* [COLLECTED MATERIAL]:
>>>>
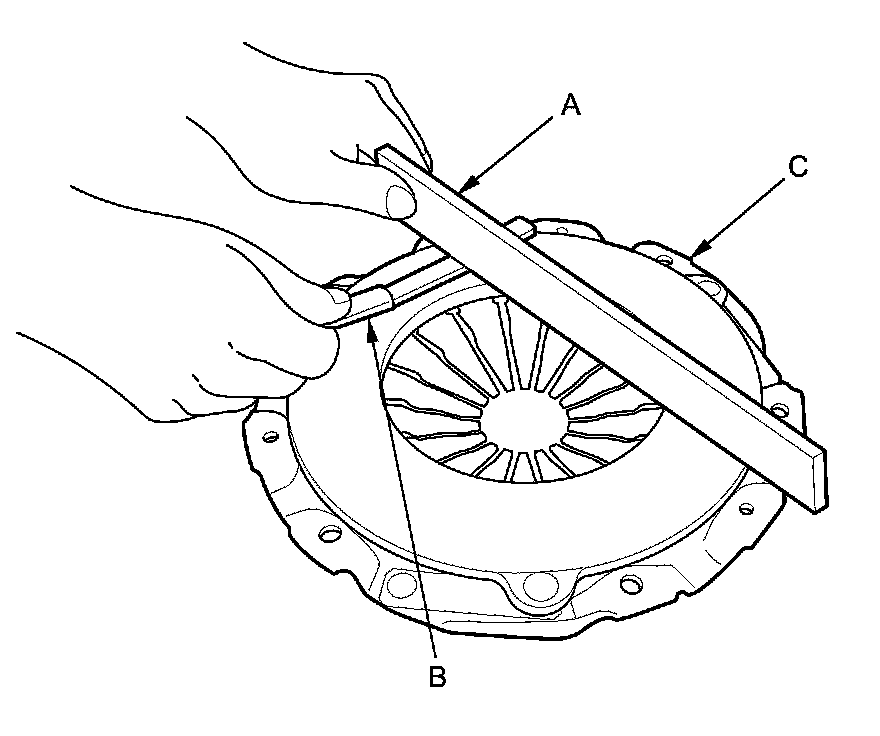 7. Inspect for warpage using a straight edge (A) and a feeler gauge (B). Measure across the pressure plate (C). If the most measurement difference is more than the service limit, replace the pressure plate.
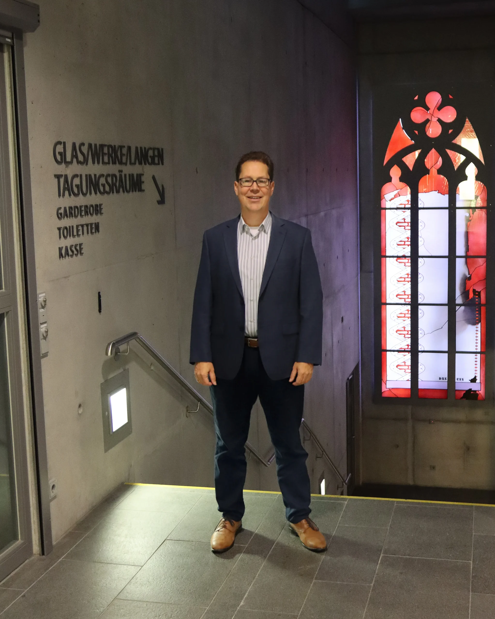 Ich biete monatliche Führungen an, meist samstagnachmittags, und zusätzlich Termine für Gruppen, oft mit Fokus auf Religion, Theologie, Kunst oder Architektur. Besucher*innen kommen aus ganz Europa, manchmal sogar von weiter her. Viele kennen Schreiter, der Fenster in vielen Kirchen und Synagogen in ganz Deutschland und weltweit gestaltet hat, und möchten mehr über sein Werk erfahren.
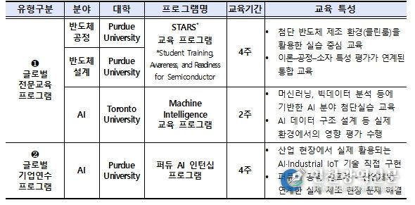 다음으로, ‘첨단분야 글로벌 교육과정 운영사업’은 국내외 대학이 공동으로 반도체, 인공지능(AI) 등 첨단분야와 관련된 해외 교육과정을 기획·운영하는 사업이다. 선발된 학생은 해외 대학에서 실습형 교육과정, 현지 기업 현장 방문, 한인 재직자 간담회 등의 국제 프로그램에 참여하게 된다. 올해는 대학이 추천한 우수 학생 중 120명을 최종 선발하여, 퍼듀대학교(미국), 토론토대학교(캐나다)와 연계해 다양한 교육 경험을 지원할 계획이다.
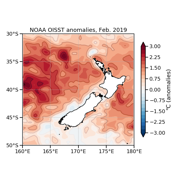 Differences from average February surface temperatures in the seas around New Zealand
<<<<
* [DIRECTIONS FOR THIS TASK]:
Would you restate word for word only the lines from the one containing "다음으로, ‘첨단분야 글로벌" to the final line of the material, both ends included, without any pictures?

* [ANSWER BOX]:
 다음으로, ‘첨단분야 글로벌 교육과정 운영사업’은 국내외 대학이 공동으로 반도체, 인공지능(AI) 등 첨단분야와 관련된 해외 교육과정을 기획·운영하는 사업이다. 선발된 학생은 해외 대학에서 실습형 교육과정, 현지 기업 현장 방문, 한인 재직자 간담회 등의 국제 프로그램에 참여하게 된다. 올해는 대학이 추천한 우수 학생 중 120명을 최종 선발하여, 퍼듀대학교(미국), 토론토대학교(캐나다)와 연계해 다양한 교육 경험을 지원할 계획이다.
 Differences from average February surface temperatures in the seas around New Zealand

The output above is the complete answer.